Aircraft operated by No. 102 Squadron
| From | To | Aircraft | Variant |
|---|---|---|---|
| Aug 1917 | Jul 1919 | Royal Aircraft Factory FE.2 | FE.2b and 2d |
| Oct 1935 | Apr 1937 | Handley Page Heyford | Mk.II |
| Dec 1935 | May 1939 | Handley Page Heyford | Mk.III |
| Oct 1938 | Jan 1940 | Armstrong Whitworth Whitley | Mk.III |
| Nov 1939 | Feb 1942 | Armstrong Whitworth Whitley | Mk.V |
| Dec 1941 | May 1944 | Handley Page Halifax | Mk. II |
| May 1944 | Sep 1945 | Handley Page Halifax | Mks.III and IIIa |
| Jul 1945 | Sep 1945 | Handley Page Halifax | Mk.VI |
| Sep 1945 | Feb 1946 | Consolidated Liberator | Mks.VI and VIII |
| Oct 1954 | Aug 1956 | English Electric Canberra | B.2 |
| Aug 1959 | Apr 1963 | PGM-17 Thor Intermediate-range ballistic missile | SM.75 |

==Trivia==
Pilot Officer (later Flight Lieutenant) Alfred B. Thompson, a pilot in 102 Squadron, was (on 9 September 1939) the first Canadian to be captured in the Second World War, is the Canadian who was the longest held ever as a prisoner of war, and was a participant in the Great Escape (Stalag Luft III escape) (he was the 68th man to go out through the tunnel).
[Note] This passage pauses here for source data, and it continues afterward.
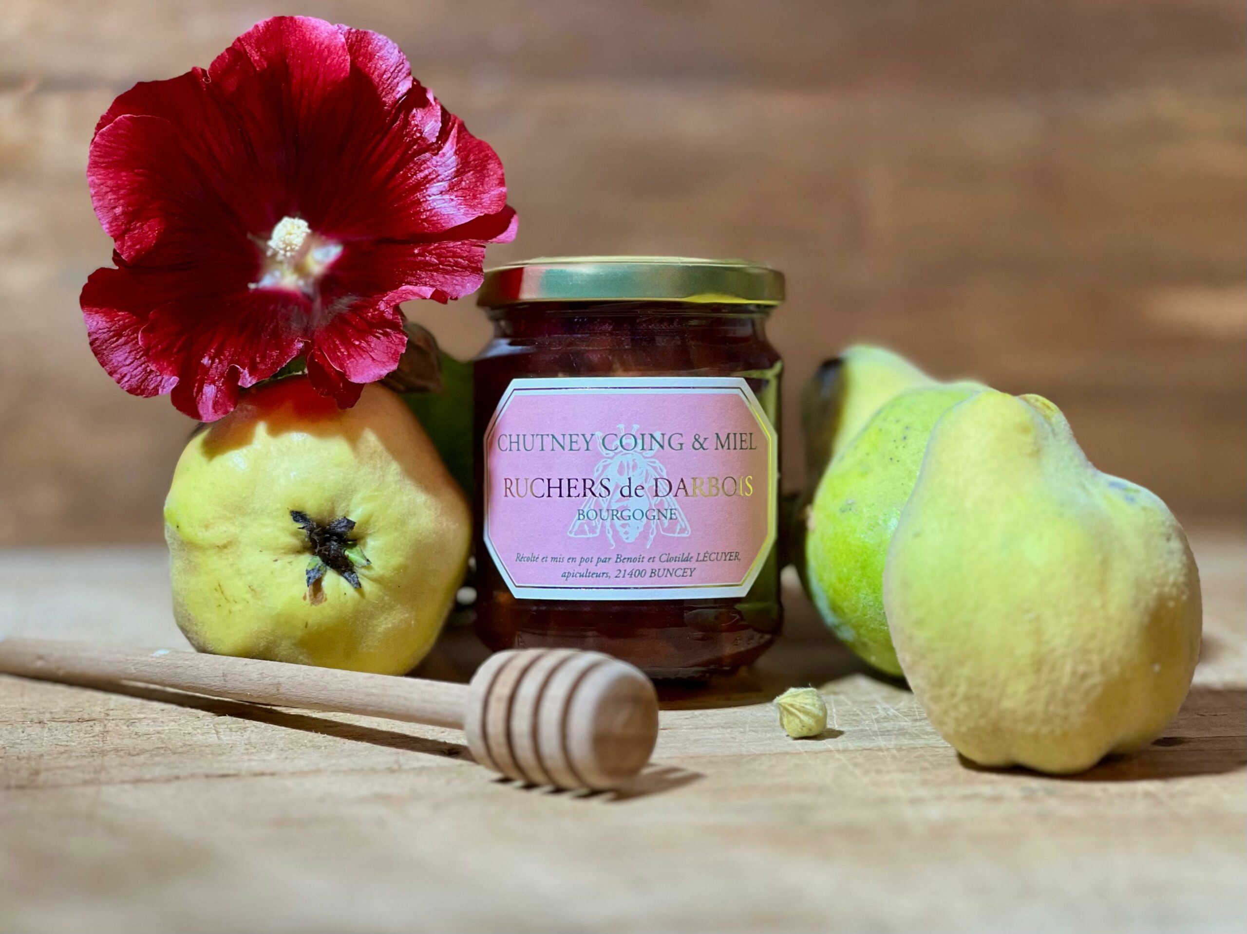 Ce chutney est élaboré avec du coing et avec le miel des Ruchers de Darbois. Le chutney est un condiment aigre doux épicé, sucré salé.
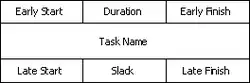 The Activity-on-Node (AON) technique uses nodes to represent individual project activities and path arrows to designate the sequence of activity completion.[2] Nodes are labelled using information pertaining to the activity. According to Project Management, nodes should at least display the following information:[3]
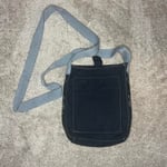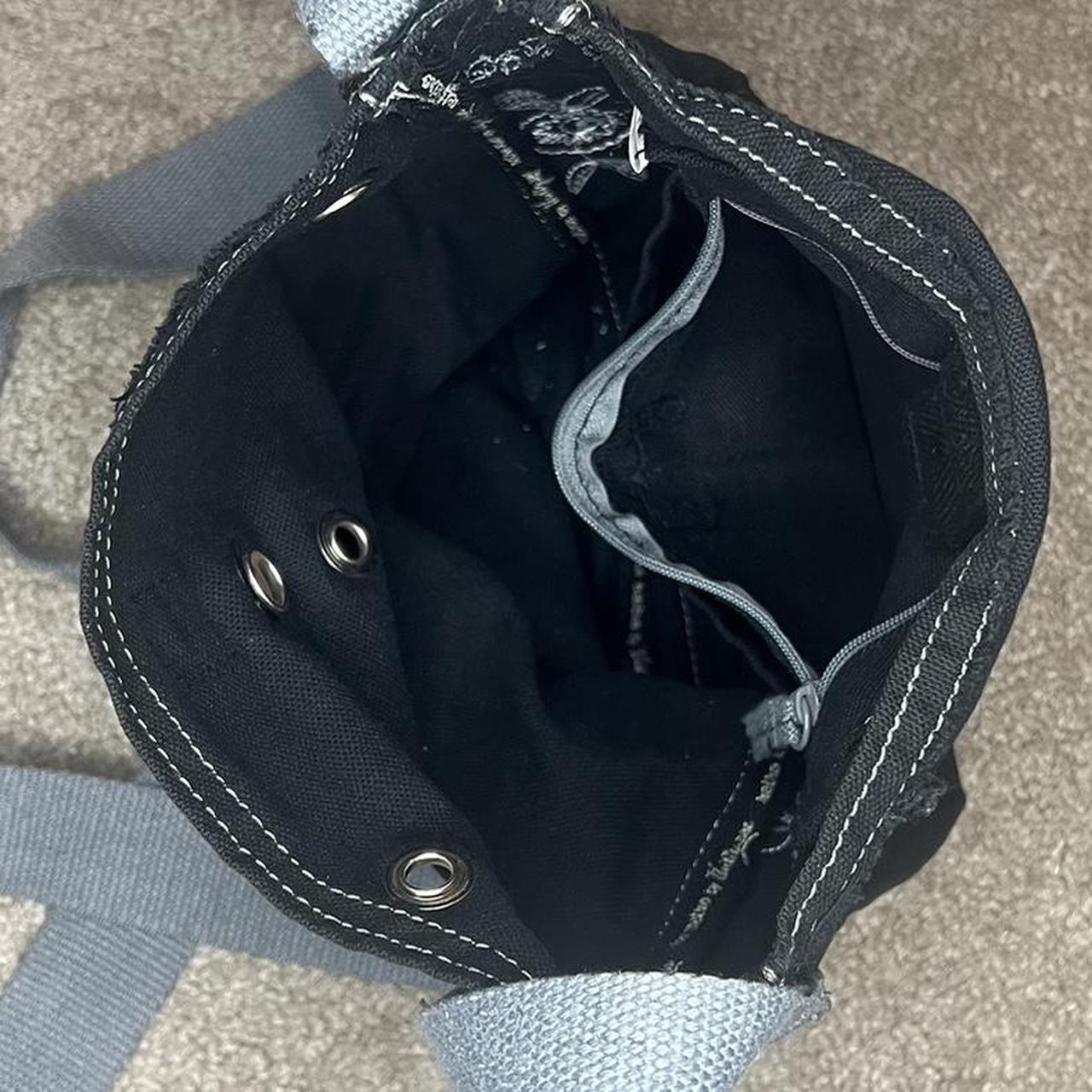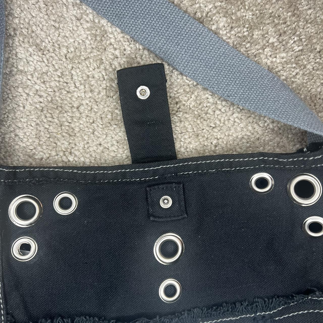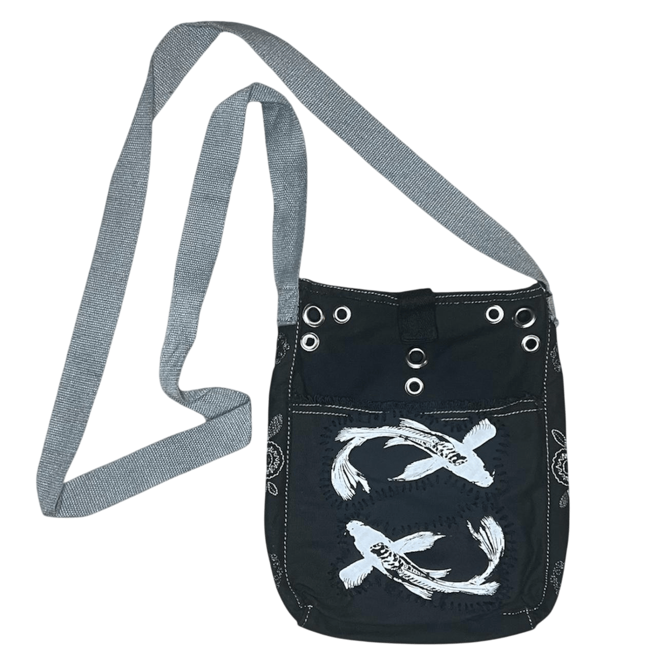 •Black & white fish print crossbody bag with strap • hand printed & sewn patches • hand pressed grommets • this item is made with recycled materials and contains imperfections •

Lincoln Lynch (Lyncoln Orville Lynch 1920 – 22 October 2011) a Jamaican and later Jamaican-American civil rights activist was Flight Sergeant and rear gunner on a 102 Squadron Halifax, earning a DFM in September 1944

Leonard Cheshire was a Pilot Officer with 102 Squadron from July 1940. In November 1940 he was awarded the DSO for flying his badly damaged Whitley back to base.

The squadron was adopted by the island of Ceylon in February 1942, which paid for aircraft for use by the squadron.

The log book of Flight Lieutenant Leonard Todd DFC from August 1943 shows the frequency and range of the missions flown by the 102 Squadron.